# How would you inlay steel table legs into an uneven table top bottom?



## bittiker (Dec 16, 2012)

I have about 15 live-edge table top slabs that I will be attaching 'hairpin' style steel legs to. 

The issue that I am having is that some of the slabs warped during the drying process, and so I couldn't plane the bottoms totally flat. So, a given slab might vary in thickness from 3" on one side to 1.5" on the other side. I'd rather not plane the slabs down to the minimum thickness for fear of losing structural integrity, so instead I plan on inlaying the baseplates of the legs to consistent heights on the table bottom. The attached sketch better illustrates what I'm going for.

So here's my question: How would you inlay steel table legs into an uneven table top bottom?

What I'm planning to do is build a router template in the shape of the legs, span it across 2 2x4's on either side of the slab, and route out 4 'leg holes' in the same shape as the table leg bases, using a spiral bit. This method seems like it could be a headache though. Does anyone have any other ideas as to how it could be done better? Any advice, thoughts would be really appreciated. Thanks, Danny @stemfurniture

www.stemfurniture.com


----------



## woodnthings (Jan 24, 2009)

*route the openings*

They need to be parallel or in the same plane, not necessarily at the same depth. Then attach the legs normally. They will be at different lengths when the table is turned over. Scribe a line up from a level surface at the minimum need to cut some material off all but the shortest leg. 
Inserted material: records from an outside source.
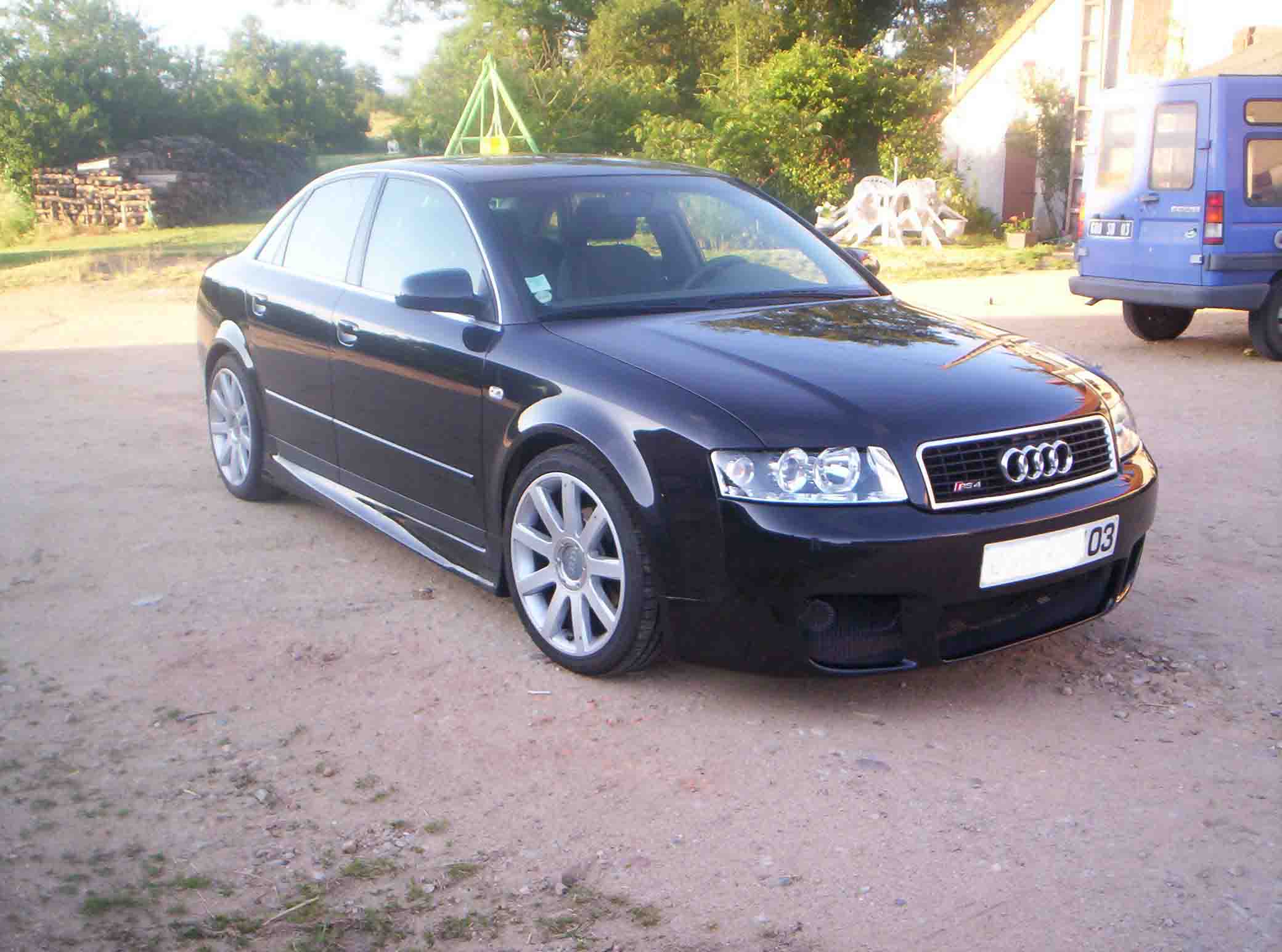 Salut! Bon je me decide enfin a vous montrer mon bébé... pour les jets de pierres,attendez un peu s'il vous plait audi a4 2001 tdi 130 cv kit complet (jupe avant,bas de caisse et rajout arriere,j'hesite encore pour le becquet arriere de s4 qui casserai a profit un peu la ligne) jantes rs4 en 18" et plein d'autre bonne chose sorry au puriste pour le sigle rs4 mais je trouve que le rouge tranche bien avec le noir nacre mais vu les reaction je pense qu'il ne saurait tarder a partir... j'ai d'autre photo du bébé mais etant en bas debit(56k )si une ame charitable veut bien me les uploader... audicalement LUDO03 ps:vos impressions?
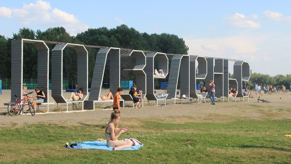 Люди в центре Ярославля на берегу реки Которосль на пляже Подзеленье прячутся от зноя в тени огромных букв с названием локации
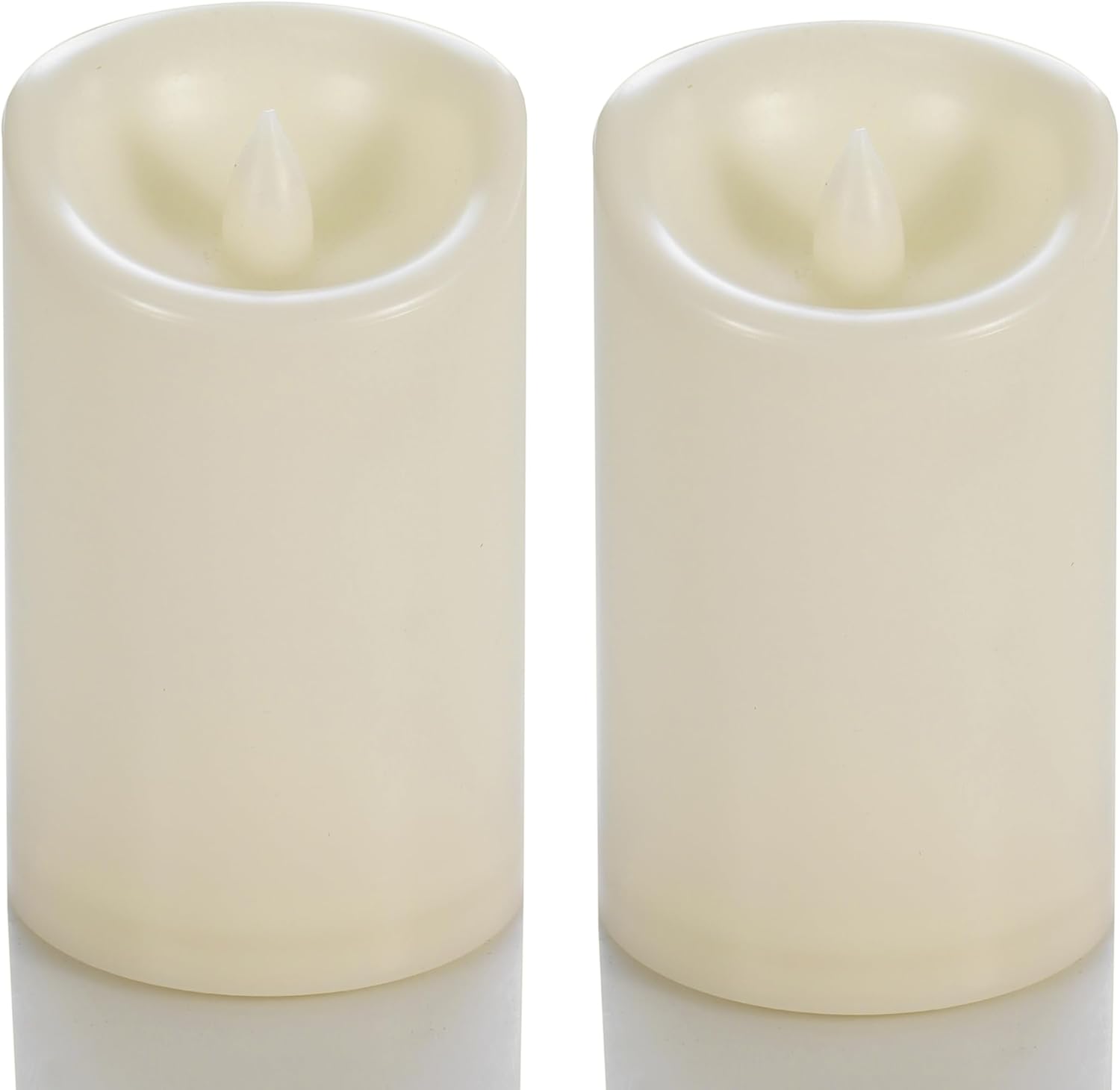 CANDLE CHOICE Waterproof Outdoor Battery Operated Flameless Candles with Timer Flickering Plastic Resin Electric LED Pillar Lights for Lantern Patio Garden Wedding Party Decorations 3x5 Inches 2 Pack
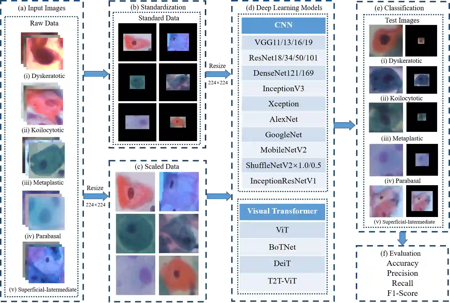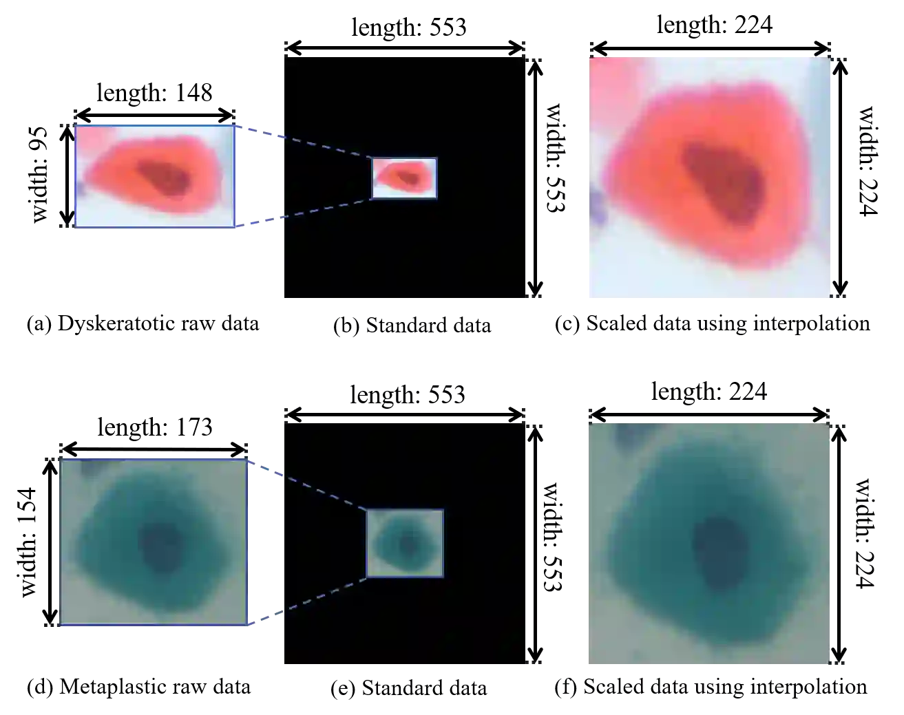 翻译:宫颈癌是妇女非常常见和致命的癌症。 细胞病理学图像经常被用来筛查癌症。 由于人工筛查中可能出现大量错误, 开发了基于深层学习的计算机辅助诊断系统。 深层次的学习方法需要固定的输入图像大小, 但临床医学图像的大小不一致。 图像的侧面比例在直接调整其大小时会受到影响。 临床中, 细胞病理学图像内的细胞的侧面比例为医生诊断癌症提供了重要信息。 因此, 直接调整比例是不合逻辑的。 但是, 许多现有研究直接调整图像大小并获得非常可靠的分类结果。 为了找到合理的解释, 我们进行了一系列比较实验。 首先, SIPAKMEMD数据集的原始数据是预先处理的, 以获得标准和缩放数据集。 然后, 数据集被重新缩放到 224 x 224 像素。 最后, 使用22 深学习模型来分类标准和缩放数据集。 结论是, 深层次的学习模型对于她宫颈细胞图象的方面比例的变化也很可靠。
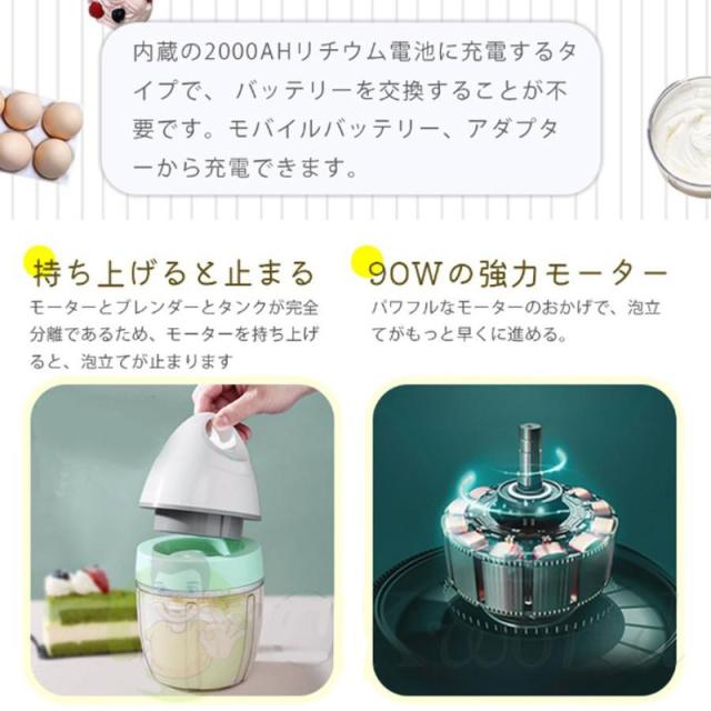 泡立て器 電動 ハンドミキサー 小型 900ml 多機能ミキサー ホイッパー ハンドミキサー 離乳食 ブレンダー お菓子作り USB充電 お手入れ キッチン用品
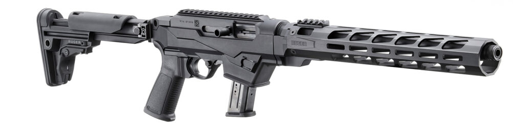 Przechodząc do konstrukcji samopowtarzalnych – na stanie sklepu znajdą się karabinki na nabój pistoletowy PC Carbine w dwóch wariantach: standardowym (9 mm x 19 Para, 19100) oraz sportowym (9 mm x 19 Para, 19140), wyposażonym w regulowaną kolbę, chwyt AR oraz długie łoże M-LOK.
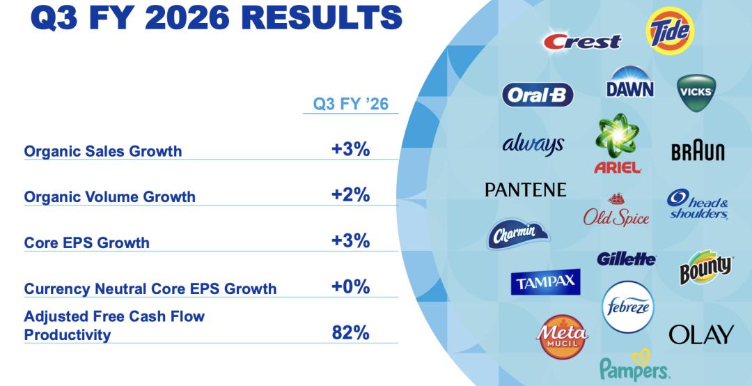 2026财年第三季度,宝洁净销售额为212亿美元,同比增长7%;有机销售增长3%,其中销量贡献2个百分点,价格贡献1个百分点。核心每股收益为1.59美元,同比增长3%。

To rout the recesses in the same plane make a jig/template for the router base that you can use a level(s) to maintain the plane. The template can be used with a guide bushing to give the desired shape riding inside the template. An adjustment screw in each corner will work to level it out. Then attach the jig to the bottom using a long screw into the bottom.

If the recesses are not in the same plane the legs will stick out at different angles...... not attractive.


----------



## bittiker (Dec 16, 2012)

Thanks Woodnthings. I sketched out the jig that I think you're describing. (attached). That way is probably simpler than using a sled type of setup.

What I don't understand is how I would know how far down I would need to cut using this method. The only way I can think of would be to use outside calipers or something


----------



## woodnthings (Jan 24, 2009)

*Just enough for a flat surface*

You need a flat surface to screw the leg attachments to. The sketch you show is what I had in mind. You will need to trim the ends of the legs with this approach. If they were all at the same plane, NOT depth, then that would not be necessary. 

If you want to avoid trimming the legs then the depths would have to be (X) inches down from the legs of equal length, held in a plane across their ends....way too complicated for my brain. :yes:

 
If you can do this as you posted in another thread on sleds. then why not just wedge the workpiece so it won't shift and use a plunge router in the template set to a depth that will create a flat in all 4 corners?


----------



## Alchymist (Jan 2, 2011)

Turn it upside down on a drill press, drill corners and an additional bunch of holes where the legs go. Using a depth stop, all holes will be the same distance from the top surface. Use a chisel to clean out the hole and smooth the bottom of the cut.


----------



## GeorgeC (Jul 30, 2008)

Alchymist said:


> Turn it upside down on a drill press, drill corners and an additional bunch of holes where the legs go. Using a depth stop, all holes will be the same distance from the top surface. Use a chisel to clean out the hole and smooth the bottom of the cut.


I like this approach. It makes all of the legs exactly the same length.

This could also be done with a large jig and a router.

George


----------



## cabinetman (Jul 5, 2007)

GeorgeC said:


> I like this approach. It makes all of the legs exactly the same length.
> 
> This could also be done with a large jig and a router.
> 
> ...


----------



## 4DThinker (Mar 13, 2013)

If you have access to a CNC service/shop in your area, the pockets for the legs would be relatively simple to cut. Often they'll give you a quote. If you can produce a CAD (digital) drawing of the board with the slots where you want them you might save some money.


----------



## wooddude (Jun 14, 2011)

this is what i came up with,the top of the slab sits to the bottom of the jig thats the index point,the router bit is set to a specified depth off the bottom so now all pockets are equal.


----------



## woodnthings (Jan 24, 2009)

*it will require a very large table on a DP*



Alchymist said:


> Turn it upside down on a drill press, drill corners and an additional bunch of holes where the legs go. Using a depth stop, all holes will be the same distance from the top surface. Use a chisel to clean out the hole and smooth the bottom of the cut.


If the slabs are table size, 3ft X 7 ft, a drill press will be unmaaghble in my opinion as lots of weight and material will be hanging off the table. It's better to move the tool to the work, as on a router sled, than the work to the tool when pieces are large and heavy. The slabs would have to be leveled as best as possible then wedged in place, the when you shift to the other end all that becomes lost unless your have a large suport table to attach eveything to and then ....etc..... I wouldn't.
 
He already has the router sled as shown in his photo, so just use it to make level pads for the legs with a plunge router. Couldn't be more simple. :no:


----------



## FrankC (Aug 24, 2012)

I would be tempted to use a large Forstner bit and drill three holes for the L mount, set the stop starting at the narrowest corner of the slab. This would eatablish a constant depth, if these are hairpin legs they can't be cut to length.


----------